Task description:
Return the complete listing exactly as it reads, with each picture removed.

Provided material:
● ● ● ● ●

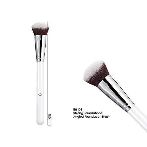 T4B ILU 109 Strong Foundations Angled Foundation Brush Cruelty Free Pennello Angolato per Applicare Fondotinta, Contouring, Blush, Creme, Polveri, Colore Bianco e Argento
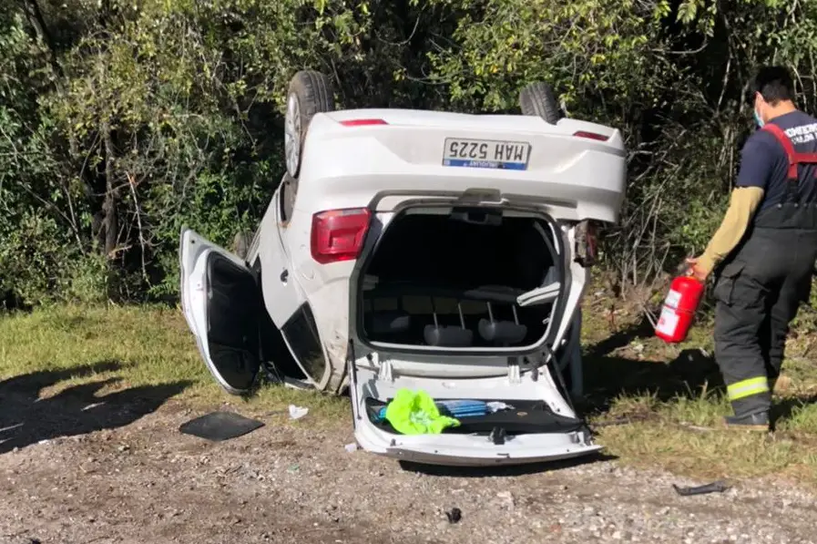 Por motivos que se desconocen, el auto en el que se trasladaban dio varios tumbos para quedar dado vuelta a la vera de la colectora.
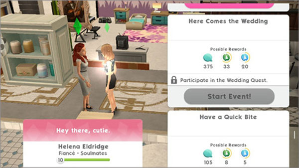 2、当两位角色亲密度达到8级并成功求婚,系统将触发婚礼剧情。此时对话框会显示“here comes the wedding”提示,同时任务栏自动弹出限时婚礼任务。
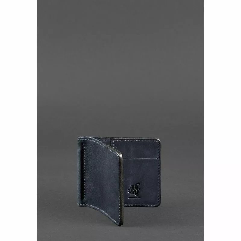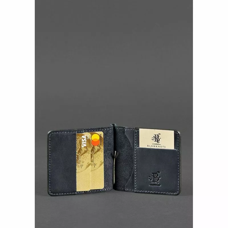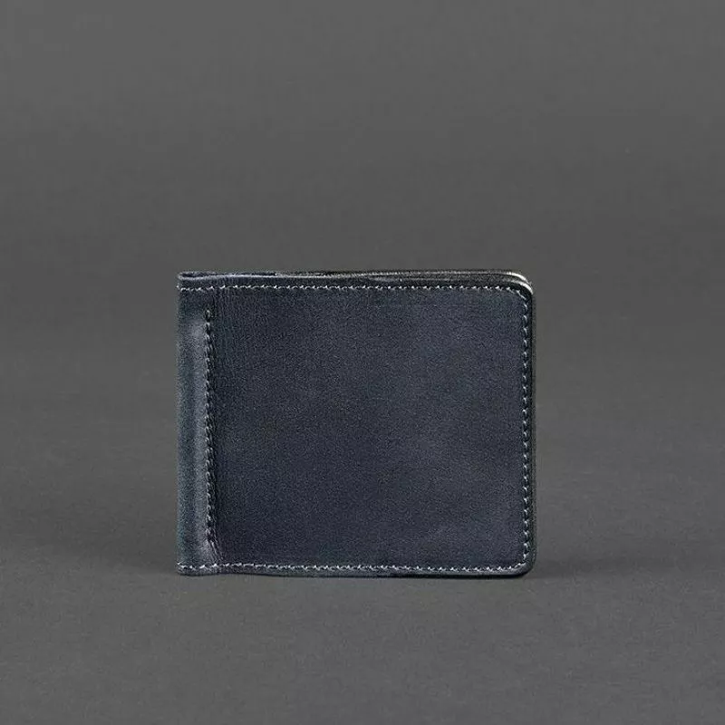 Мужское кожаное портмоне синее 1.0 зажим для денег

● ● ● ● ●

Answer below:
 T4B ILU 109 Strong Foundations Angled Foundation Brush Cruelty Free Pennello Angolato per Applicare Fondotinta, Contouring, Blush, Creme, Polveri, Colore Bianco e Argento
 Por motivos que se desconocen, el auto en el que se trasladaban dio varios tumbos para quedar dado vuelta a la vera de la colectora.
 2、当两位角色亲密度达到8级并成功求婚,系统将触发婚礼剧情。此时对话框会显示“here comes the wedding”提示,同时任务栏自动弹出限时婚礼任务。
 Мужское кожаное портмоне синее 1.0 зажим для денег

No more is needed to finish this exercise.